» Requirement:
Start at the line below containing "Im Souterrain befindet" and stop at the line containing "- домики для". Repeat every line of that stretch exactly, and nothing outside it.

» Records for this exercise:
□ □ □ □ □ □ □

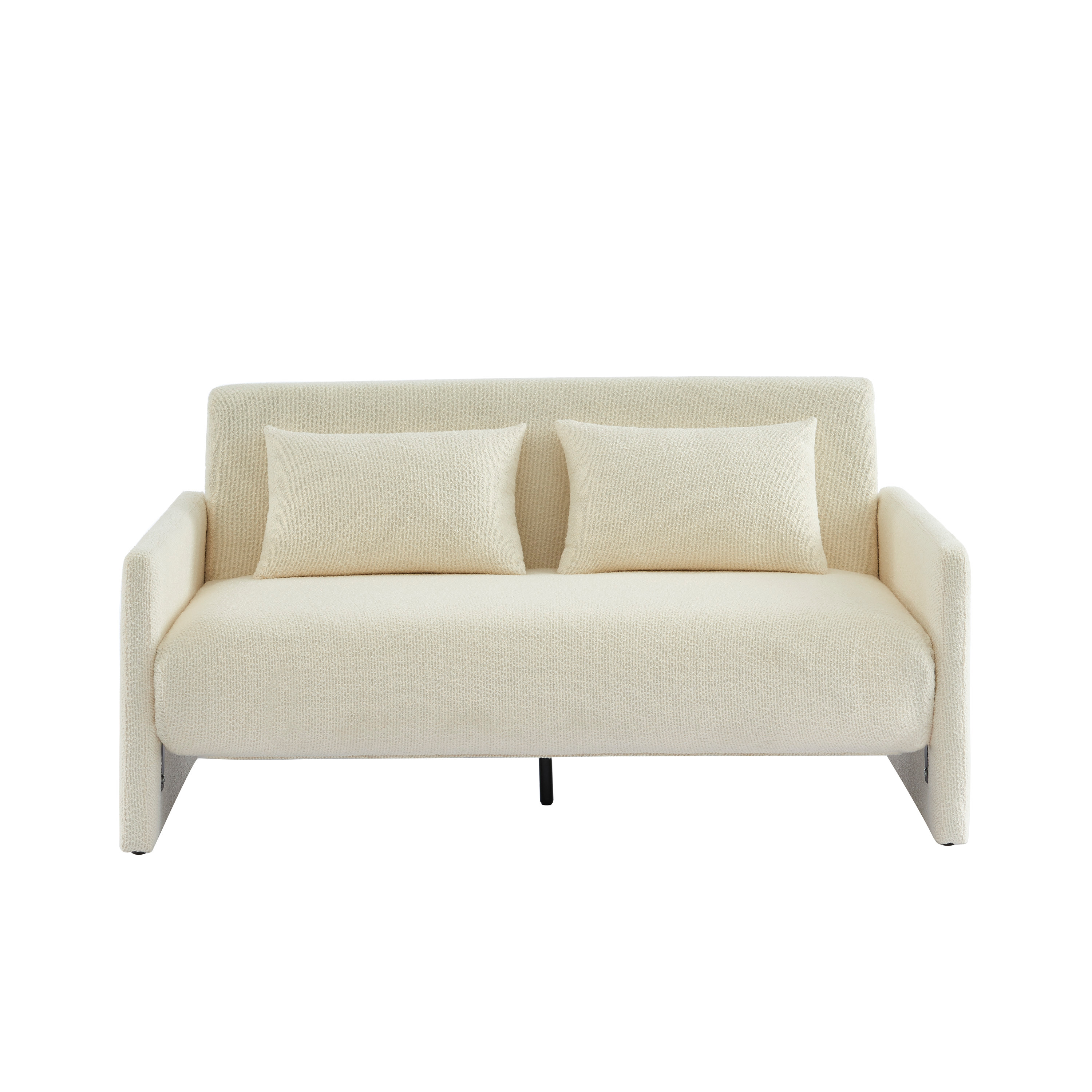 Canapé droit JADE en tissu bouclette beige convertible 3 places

□ □ □ □ □ □ □

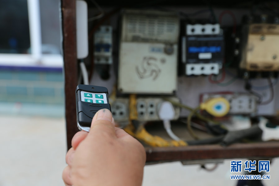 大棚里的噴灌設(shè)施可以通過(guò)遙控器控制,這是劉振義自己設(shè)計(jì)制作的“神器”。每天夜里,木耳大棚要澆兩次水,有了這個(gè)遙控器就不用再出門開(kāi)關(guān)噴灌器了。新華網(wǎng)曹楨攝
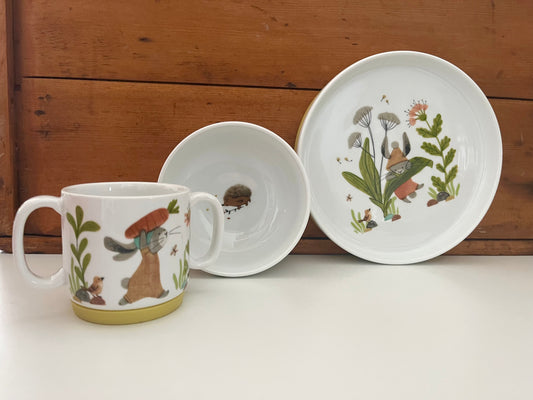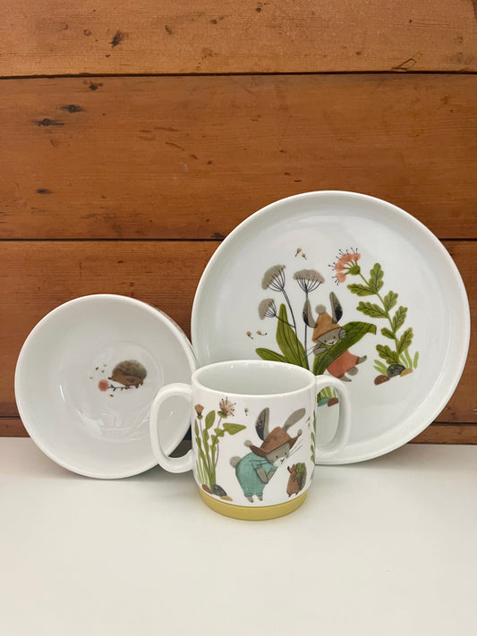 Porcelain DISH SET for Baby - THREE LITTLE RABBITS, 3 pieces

□ □ □ □ □ □ □

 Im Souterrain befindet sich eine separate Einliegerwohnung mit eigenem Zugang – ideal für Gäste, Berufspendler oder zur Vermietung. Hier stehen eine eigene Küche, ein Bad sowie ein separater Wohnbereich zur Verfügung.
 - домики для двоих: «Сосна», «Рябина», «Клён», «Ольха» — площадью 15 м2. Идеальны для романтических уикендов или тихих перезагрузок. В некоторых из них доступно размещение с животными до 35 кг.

□ □ □ □ □ □ □

» Final answer:
 Im Souterrain befindet sich eine separate Einliegerwohnung mit eigenem Zugang – ideal für Gäste, Berufspendler oder zur Vermietung. Hier stehen eine eigene Küche, ein Bad sowie ein separater Wohnbereich zur Verfügung.
 - домики для двоих: «Сосна», «Рябина», «Клён», «Ольха» — площадью 15 м2. Идеальны для романтических уикендов или тихих перезагрузок. В некоторых из них доступно размещение с животными до 35 кг.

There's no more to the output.